- **Task to carry out**:
Retype word for word the stretch of entries below from the line that has "ທ່ານ ໂຕເລິມ ເລຂາທິການໃຫຍ່" through the line that has "林诗栋守住了球王宝座,王楚钦稳坐第二,不过他俩积分差距已经拉开到2050分。", and omit the pictures.

- **Listed records**:

* * *

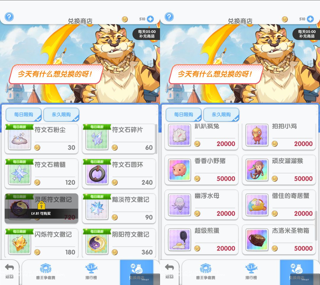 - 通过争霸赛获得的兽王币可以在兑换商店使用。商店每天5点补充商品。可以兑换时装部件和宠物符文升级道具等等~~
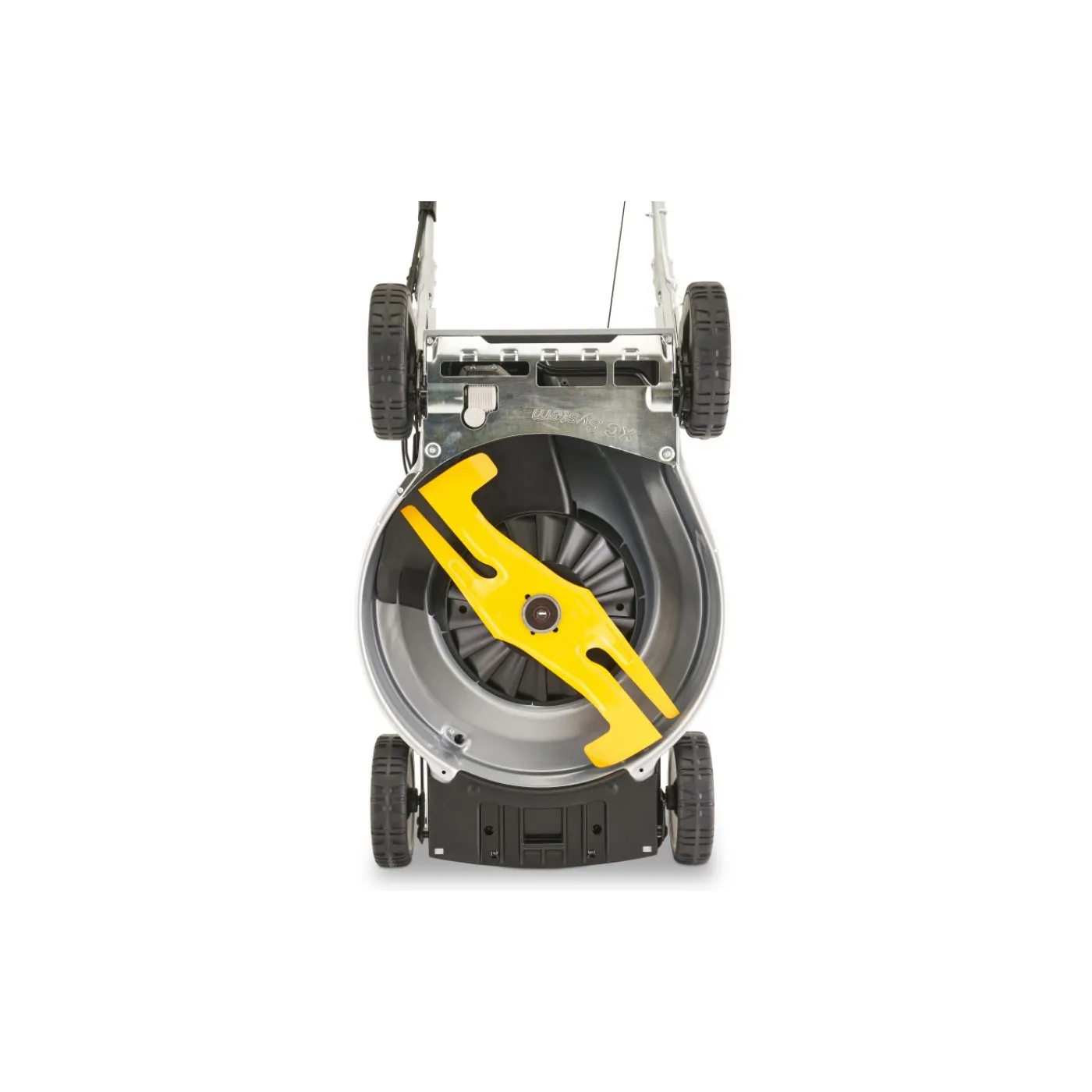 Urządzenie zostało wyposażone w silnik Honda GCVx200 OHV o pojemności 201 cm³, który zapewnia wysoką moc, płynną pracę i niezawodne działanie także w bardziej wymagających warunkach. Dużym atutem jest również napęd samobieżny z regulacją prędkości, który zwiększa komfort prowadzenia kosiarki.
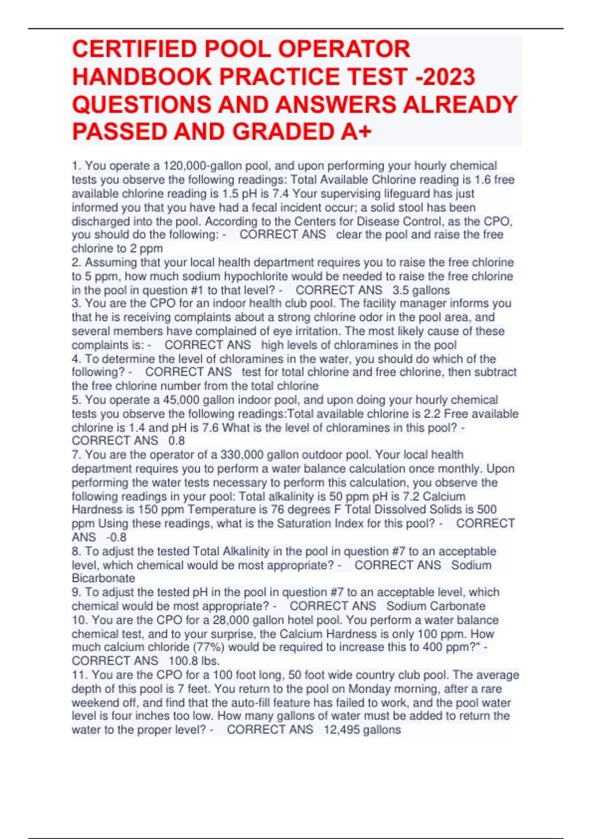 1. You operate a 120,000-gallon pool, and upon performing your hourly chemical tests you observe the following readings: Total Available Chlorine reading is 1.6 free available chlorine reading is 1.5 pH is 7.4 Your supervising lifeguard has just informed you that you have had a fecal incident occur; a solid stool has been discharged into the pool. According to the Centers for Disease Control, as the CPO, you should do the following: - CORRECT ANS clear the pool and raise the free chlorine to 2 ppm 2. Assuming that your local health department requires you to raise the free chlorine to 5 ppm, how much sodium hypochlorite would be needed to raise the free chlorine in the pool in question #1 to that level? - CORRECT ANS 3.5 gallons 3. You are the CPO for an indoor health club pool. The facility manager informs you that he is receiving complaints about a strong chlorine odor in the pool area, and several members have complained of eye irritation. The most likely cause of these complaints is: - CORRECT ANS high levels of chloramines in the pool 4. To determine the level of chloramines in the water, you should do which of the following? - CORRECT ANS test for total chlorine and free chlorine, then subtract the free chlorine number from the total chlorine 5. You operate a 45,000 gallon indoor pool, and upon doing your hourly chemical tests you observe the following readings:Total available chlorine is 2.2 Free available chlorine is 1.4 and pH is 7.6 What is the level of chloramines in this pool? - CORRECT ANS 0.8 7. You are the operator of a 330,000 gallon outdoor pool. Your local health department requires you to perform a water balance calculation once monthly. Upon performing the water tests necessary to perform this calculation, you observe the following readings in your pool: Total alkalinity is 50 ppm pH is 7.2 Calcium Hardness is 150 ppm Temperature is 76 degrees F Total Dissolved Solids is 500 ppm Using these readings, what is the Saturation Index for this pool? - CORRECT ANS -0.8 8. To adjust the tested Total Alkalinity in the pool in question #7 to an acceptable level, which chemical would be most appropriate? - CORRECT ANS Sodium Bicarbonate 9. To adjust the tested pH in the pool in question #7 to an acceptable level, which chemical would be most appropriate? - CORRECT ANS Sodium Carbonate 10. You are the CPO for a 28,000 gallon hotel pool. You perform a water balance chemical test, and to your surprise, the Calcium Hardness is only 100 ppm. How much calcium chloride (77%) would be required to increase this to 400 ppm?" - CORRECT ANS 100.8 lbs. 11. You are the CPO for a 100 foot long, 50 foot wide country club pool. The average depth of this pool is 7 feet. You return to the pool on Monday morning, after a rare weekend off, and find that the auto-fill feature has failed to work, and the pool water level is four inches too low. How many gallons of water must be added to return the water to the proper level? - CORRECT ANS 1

* * *

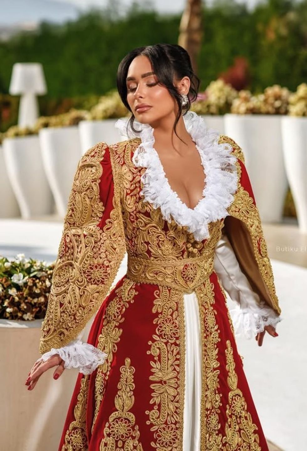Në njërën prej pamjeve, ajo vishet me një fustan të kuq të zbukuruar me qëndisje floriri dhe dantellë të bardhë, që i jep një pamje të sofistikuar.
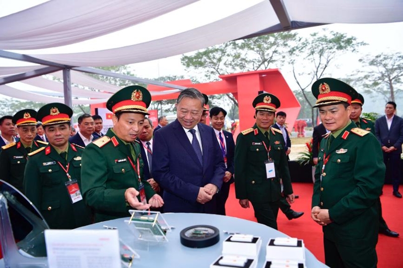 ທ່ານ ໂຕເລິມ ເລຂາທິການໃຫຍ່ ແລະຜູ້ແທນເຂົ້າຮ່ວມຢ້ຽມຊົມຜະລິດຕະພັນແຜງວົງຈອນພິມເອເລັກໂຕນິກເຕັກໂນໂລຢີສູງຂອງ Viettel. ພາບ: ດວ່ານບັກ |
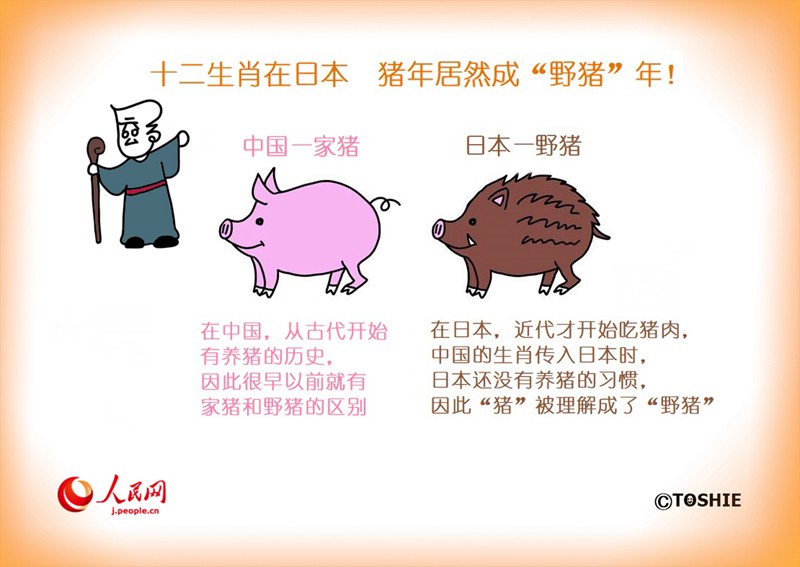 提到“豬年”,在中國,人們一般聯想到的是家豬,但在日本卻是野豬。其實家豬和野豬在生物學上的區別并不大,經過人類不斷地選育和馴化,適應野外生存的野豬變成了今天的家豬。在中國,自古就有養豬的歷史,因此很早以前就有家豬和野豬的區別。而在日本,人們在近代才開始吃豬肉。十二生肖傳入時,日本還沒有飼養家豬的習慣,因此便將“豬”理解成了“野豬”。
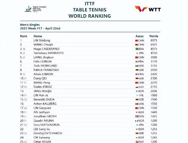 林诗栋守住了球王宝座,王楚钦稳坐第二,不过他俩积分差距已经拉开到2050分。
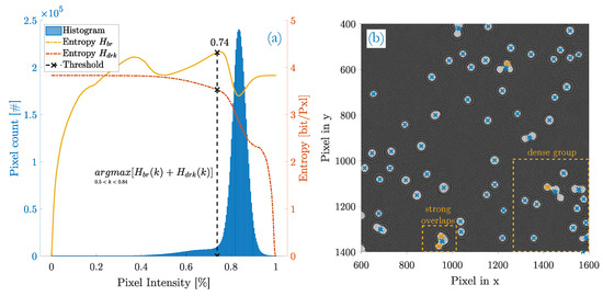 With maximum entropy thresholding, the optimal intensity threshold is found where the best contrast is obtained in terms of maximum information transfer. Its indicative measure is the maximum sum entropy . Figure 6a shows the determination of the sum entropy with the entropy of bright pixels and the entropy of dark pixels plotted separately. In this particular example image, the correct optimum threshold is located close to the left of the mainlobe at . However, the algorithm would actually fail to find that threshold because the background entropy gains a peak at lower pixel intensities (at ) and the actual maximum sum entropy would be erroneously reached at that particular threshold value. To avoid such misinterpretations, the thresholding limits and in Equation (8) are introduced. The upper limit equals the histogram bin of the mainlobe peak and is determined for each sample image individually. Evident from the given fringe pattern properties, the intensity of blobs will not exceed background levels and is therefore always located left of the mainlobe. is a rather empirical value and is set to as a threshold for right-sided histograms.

* * *

- **Result of this task**:
 ທ່ານ ໂຕເລິມ ເລຂາທິການໃຫຍ່ ແລະຜູ້ແທນເຂົ້າຮ່ວມຢ້ຽມຊົມຜະລິດຕະພັນແຜງວົງຈອນພິມເອເລັກໂຕນິກເຕັກໂນໂລຢີສູງຂອງ Viettel. ພາບ: ດວ່ານບັກ |
 提到“豬年”,在中國,人們一般聯想到的是家豬,但在日本卻是野豬。其實家豬和野豬在生物學上的區別并不大,經過人類不斷地選育和馴化,適應野外生存的野豬變成了今天的家豬。在中國,自古就有養豬的歷史,因此很早以前就有家豬和野豬的區別。而在日本,人們在近代才開始吃豬肉。十二生肖傳入時,日本還沒有飼養家豬的習慣,因此便將“豬”理解成了“野豬”。
 林诗栋守住了球王宝座,王楚钦稳坐第二,不过他俩积分差距已经拉开到2050分。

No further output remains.